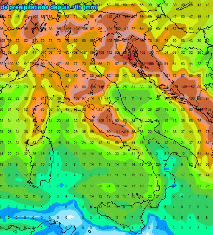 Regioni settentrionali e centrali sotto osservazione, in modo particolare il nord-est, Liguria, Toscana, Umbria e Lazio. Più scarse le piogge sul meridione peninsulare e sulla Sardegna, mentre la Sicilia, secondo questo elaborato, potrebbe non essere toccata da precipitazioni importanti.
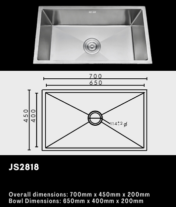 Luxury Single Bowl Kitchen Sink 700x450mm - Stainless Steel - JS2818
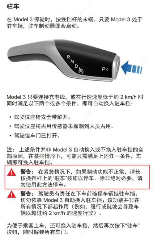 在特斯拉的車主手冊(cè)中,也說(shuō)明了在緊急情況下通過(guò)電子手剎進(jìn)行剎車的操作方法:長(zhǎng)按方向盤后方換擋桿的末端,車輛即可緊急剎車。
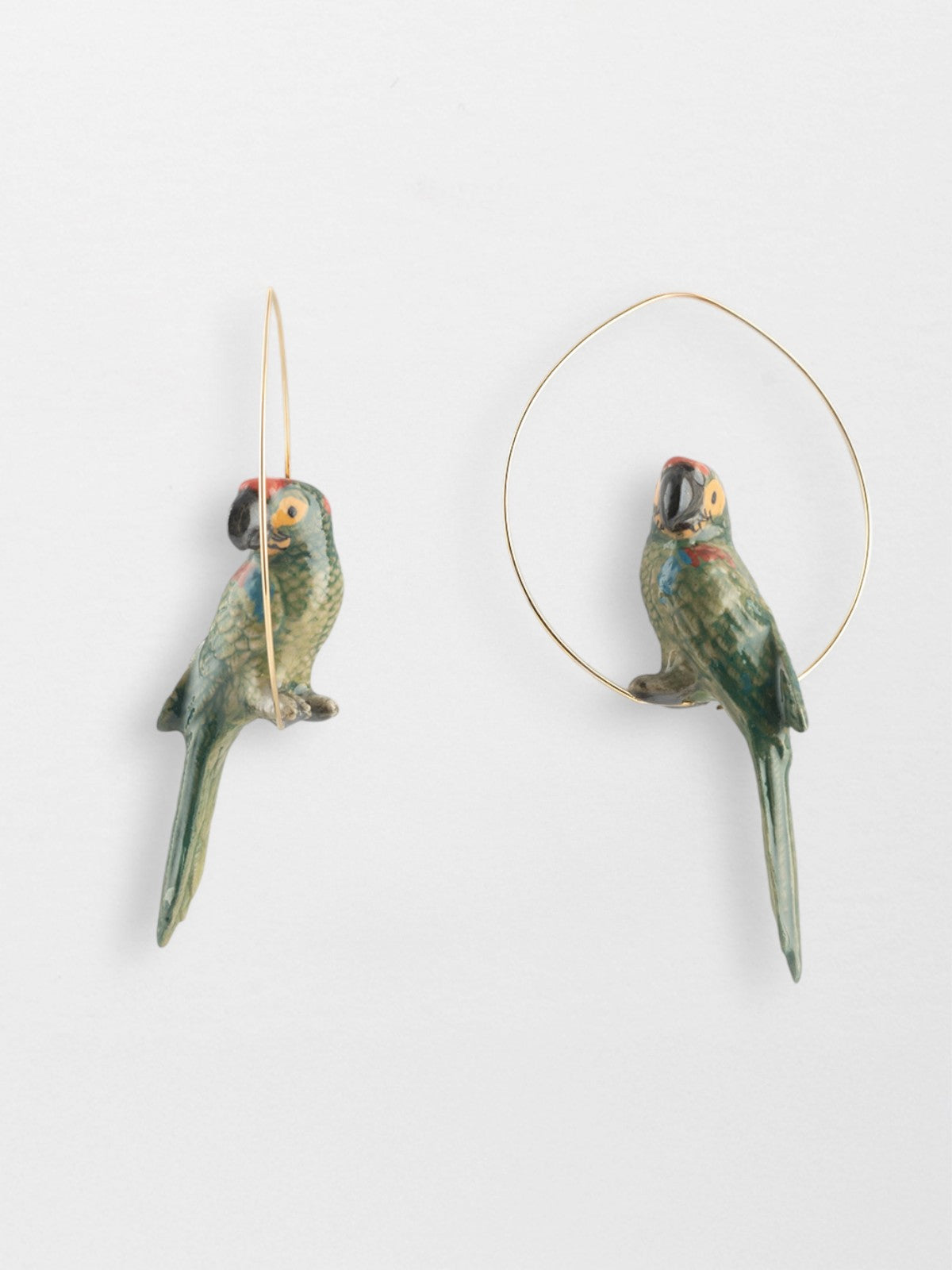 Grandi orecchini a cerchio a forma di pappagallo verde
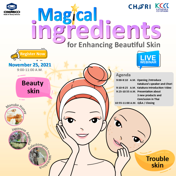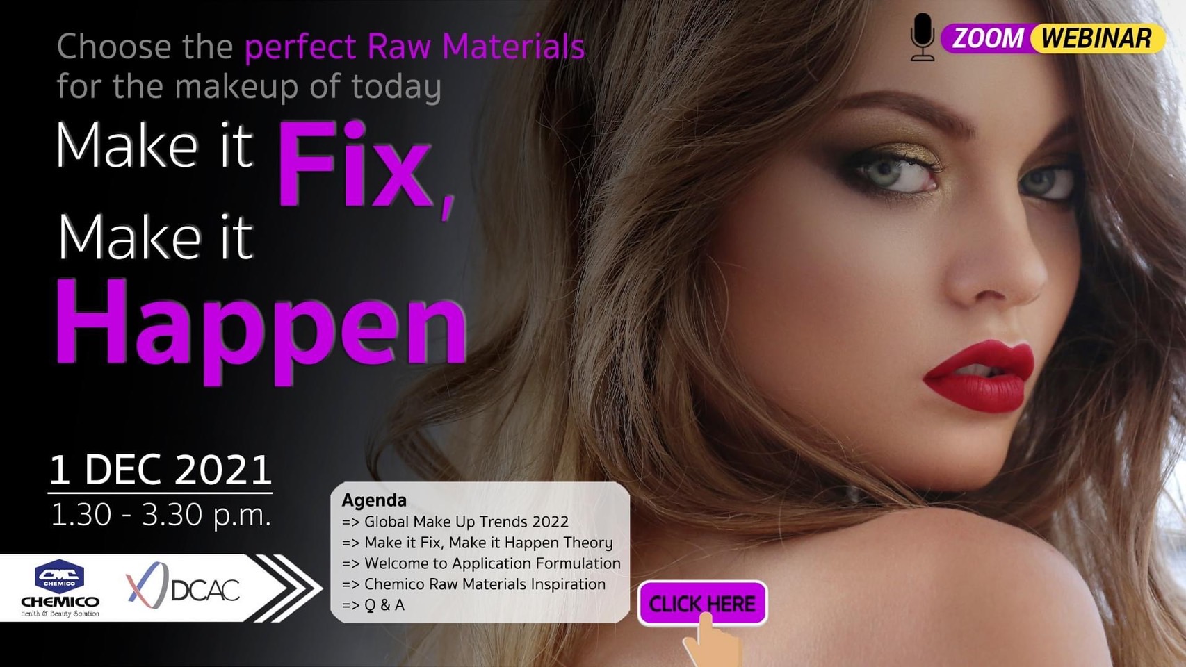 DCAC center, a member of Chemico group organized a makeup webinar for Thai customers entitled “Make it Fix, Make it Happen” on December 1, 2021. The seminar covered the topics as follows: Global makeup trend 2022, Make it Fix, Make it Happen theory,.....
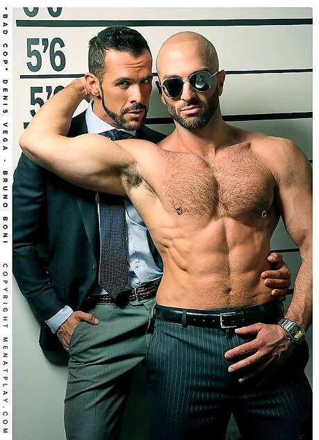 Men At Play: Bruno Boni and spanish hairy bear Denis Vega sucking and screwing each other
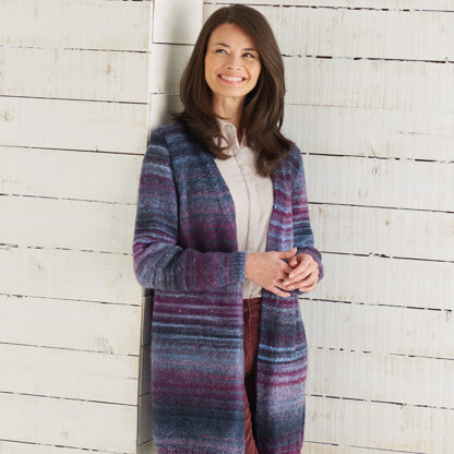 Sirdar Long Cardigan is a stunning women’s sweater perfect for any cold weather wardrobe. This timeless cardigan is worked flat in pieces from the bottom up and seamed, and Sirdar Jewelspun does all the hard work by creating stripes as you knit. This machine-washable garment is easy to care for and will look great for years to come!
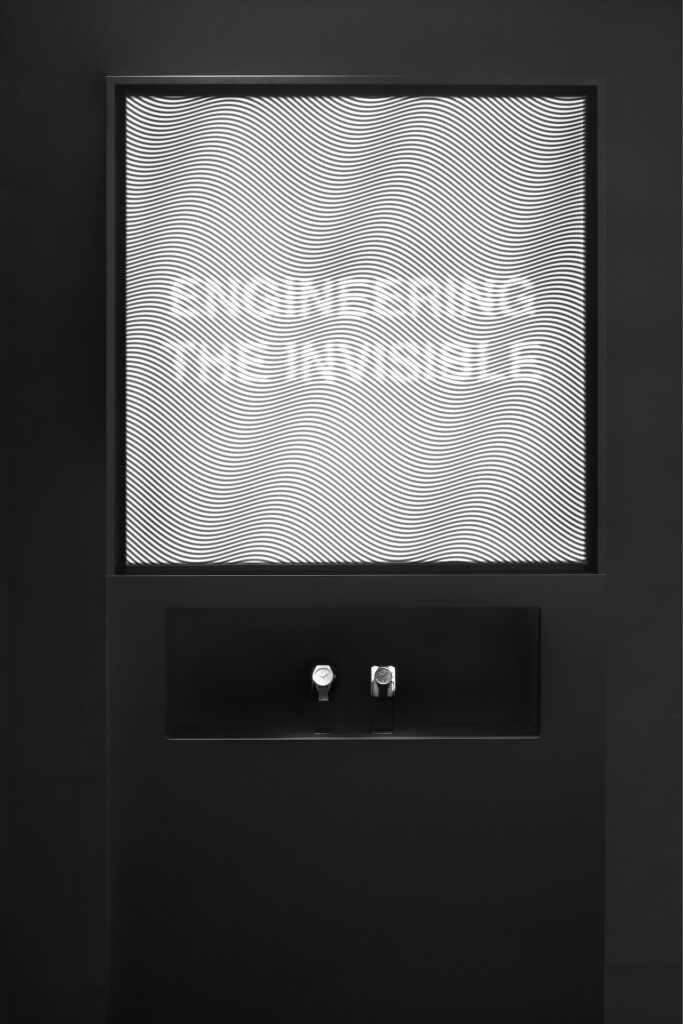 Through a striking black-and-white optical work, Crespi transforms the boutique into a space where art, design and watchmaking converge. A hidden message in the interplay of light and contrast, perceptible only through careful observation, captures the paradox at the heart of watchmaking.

════════════════

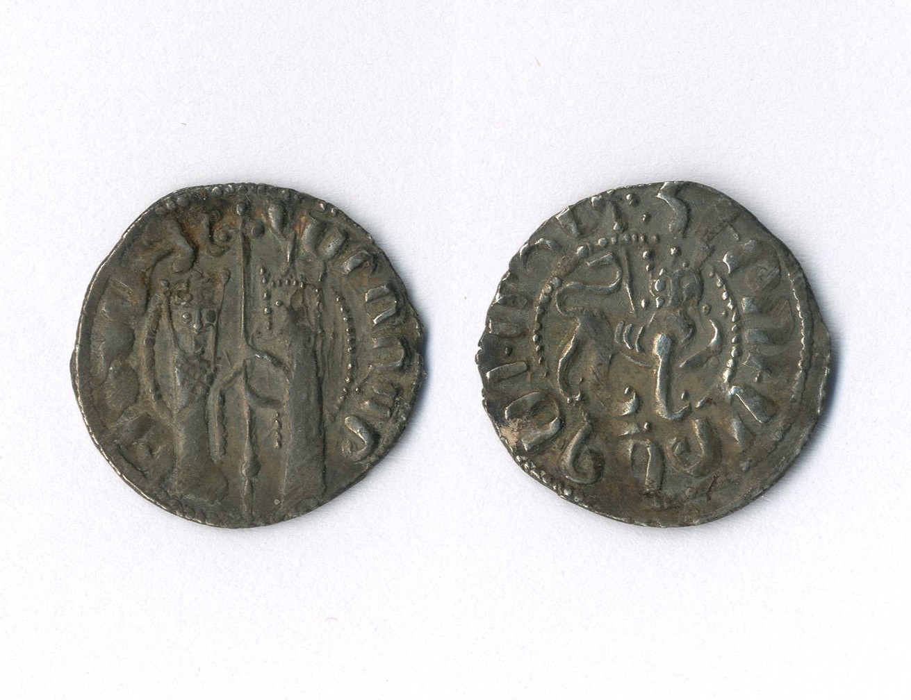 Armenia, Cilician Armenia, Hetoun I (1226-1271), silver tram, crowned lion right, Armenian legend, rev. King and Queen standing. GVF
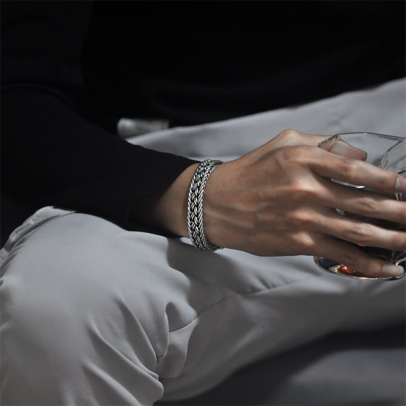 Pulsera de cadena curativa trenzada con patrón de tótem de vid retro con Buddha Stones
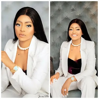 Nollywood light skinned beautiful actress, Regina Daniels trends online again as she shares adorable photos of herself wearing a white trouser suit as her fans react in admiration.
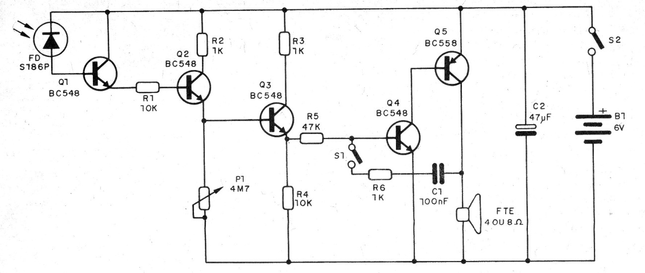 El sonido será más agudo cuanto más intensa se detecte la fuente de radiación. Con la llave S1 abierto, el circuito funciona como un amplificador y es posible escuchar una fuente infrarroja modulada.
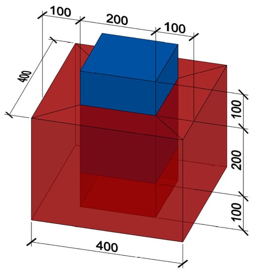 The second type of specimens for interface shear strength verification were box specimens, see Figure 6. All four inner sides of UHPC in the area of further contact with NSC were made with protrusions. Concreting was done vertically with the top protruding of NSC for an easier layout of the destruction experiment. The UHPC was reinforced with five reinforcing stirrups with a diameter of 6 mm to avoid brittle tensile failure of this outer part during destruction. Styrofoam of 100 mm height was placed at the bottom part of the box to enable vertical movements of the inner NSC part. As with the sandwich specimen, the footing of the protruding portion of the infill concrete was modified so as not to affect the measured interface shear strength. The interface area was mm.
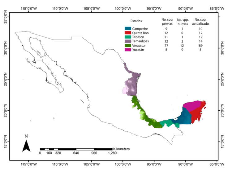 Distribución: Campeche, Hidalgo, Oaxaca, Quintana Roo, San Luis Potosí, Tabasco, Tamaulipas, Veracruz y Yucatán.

════════════════

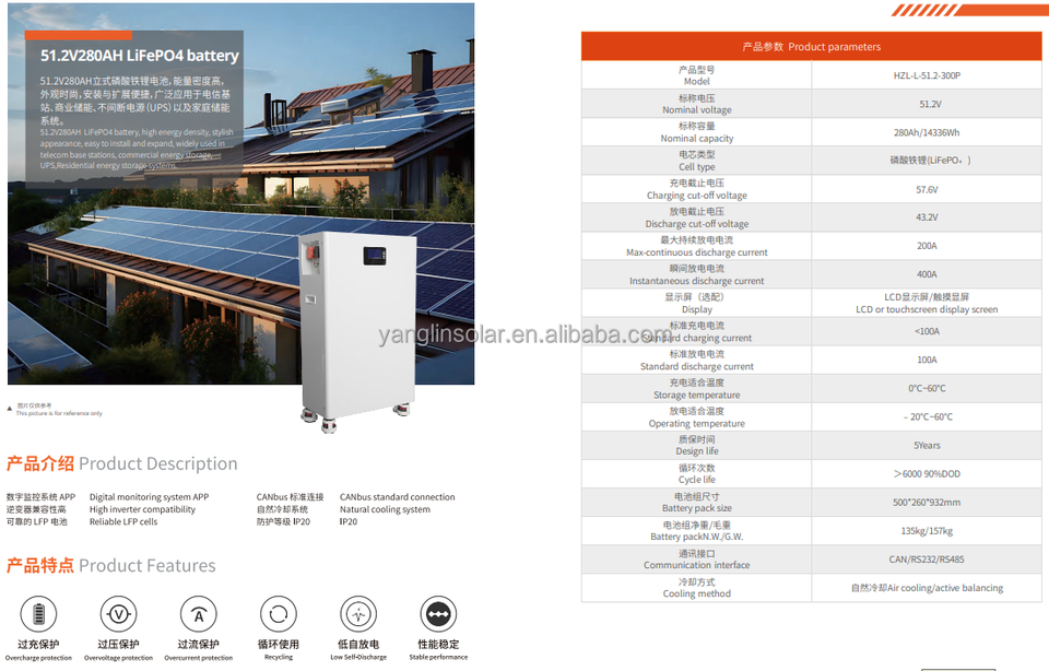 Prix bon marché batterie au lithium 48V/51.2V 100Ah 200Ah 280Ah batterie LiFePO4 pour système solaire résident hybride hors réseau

════════════════

**Exercise brief**
Everything from the line with "Luxury Single Bowl" through the line with "Sirdar Long Cardigan" in the material above should be transcribed exactly, except the pictures.

**The completed task**
 Luxury Single Bowl Kitchen Sink 700x450mm - Stainless Steel - JS2818
 在特斯拉的車主手冊(cè)中,也說(shuō)明了在緊急情況下通過(guò)電子手剎進(jìn)行剎車的操作方法:長(zhǎng)按方向盤后方換擋桿的末端,車輛即可緊急剎車。
 Grandi orecchini a cerchio a forma di pappagallo verde
 DCAC center, a member of Chemico group organized a makeup webinar for Thai customers entitled “Make it Fix, Make it Happen” on December 1, 2021. The seminar covered the topics as follows: Global makeup trend 2022, Make it Fix, Make it Happen theory,.....
 Men At Play: Bruno Boni and spanish hairy bear Denis Vega sucking and screwing each other
 Sirdar Long Cardigan is a stunning women’s sweater perfect for any cold weather wardrobe. This timeless cardigan is worked flat in pieces from the bottom up and seamed, and Sirdar Jewelspun does all the hard work by creating stripes as you knit. This machine-washable garment is easy to care for and will look great for years to come!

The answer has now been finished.